34 thoughts on “Out This Week / on 4 August 2017

  1. As per several sellers on EBay, the UB40 Present Arms and Labour of Love Deluxe Editions are finally getting a proper release on Friday. After extensive delays some of these trickled out early last year and then went MIA. See prior posts on these for the full saga. Still don’t see these on Amazon but hopeful they will be available.

    1. It looks like a few ebay sellers have got hold of some of the withdrawn copies and are pretending that they are new releases as nobody else is selling them and they even have the same catalogue number as the withdrawn ones. I honestly cannot see these getting a legitimate release but even though it’s good that these are being made available i still cannot justify paying £17.99 each for these.

        1. Not in stock on HMV.com though. They are both on Amazon but are being sold by marketplace sellers. Shocking distribution you have to say.

  2. Talking about writing one hit, I remember in a school I once taught in the late nineties / early 2000s. Private school, in one of the most expensive areas of the country. We had a boy there who’s father drove a Lamborghini. Lovely bloke – lived in a massive farmhouse.

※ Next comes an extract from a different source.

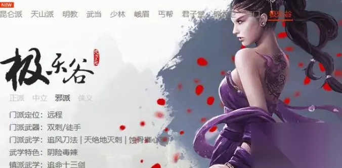 11、极乐谷: 门派武学有追风刀法、天绝地灭刺、蚀骨摧心掌。

    Told me he wrote Land of Make Believe for Bucks Fizz and that it meant he never had to work again – although he did. Said that it paid for the house and the car. I was quite surprised as it wasn’t exactly a “cool” song.

    I did love it though.

  3. £15 for an extra 3 songs pass he won’t sell many copies of that and it is reflected on Pledgemusic where there are 452 copies still available. Should have been £14.99 considering the single album is only £9.99.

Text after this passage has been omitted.